Florida. Again. Jesus. Fuck Florida. Again. The upside of climate change will be on that day when effing Florida is finally inundated by the rising sea. Give it back to the storks, gators and turtles. Apparently, people can’t live down there without turning into incurable kooks.
One of the great wins of this election was Harley Rouda edging out that evil wanker from Orange County, Dana Rohrabacher. Remember in ’16, when Trump ballwasher Kevin McCarthy said, “There’s two people I think Putin pays—Rohrabacher and Trump.” So, yeah, it’s that Rohrabacher who just got told to hit the sidewalk. He was an out-and-out embarrassing comrade of the Kremlin, an open wound oozing all over Congress on behalf of Big Daddy Vlad, and it was astounding he had racked up a streak of 15 straight terms in Da House.

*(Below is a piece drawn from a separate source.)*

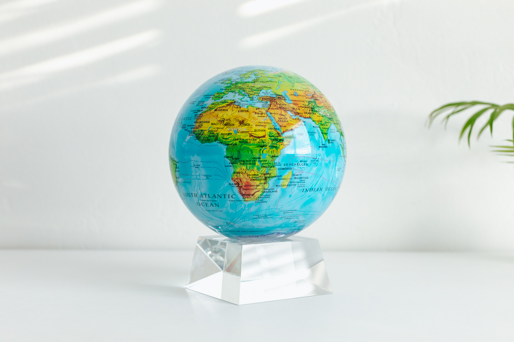 It’s the world globe you remember as a kid, but with a sleek look and updated features that make it a modern decor must-have. Swirls of white and red lines show ocean currents, while each landmass is depicted in green and brown shades that show terrain features – every mountainous region and desert is clearly shown. This level of detail combined with vibrant colors make this MOVA Globe as attractive as it is informative.

Thank the Lavender Wave that this treasonous sack of traitor tripe just got rocked with a point-blank kick to the rubles.
Mr. Mueller? We’re ready for you on the set! I’m thinking now that the diligent Mueller and his team of pitbulls is ready to rock with some tasty perp walks, having laid properly low throughout the election season. Do I get to see Roger Stone, a.k.a. Zippy the Pinhead, in cuffs for Thanksgiving?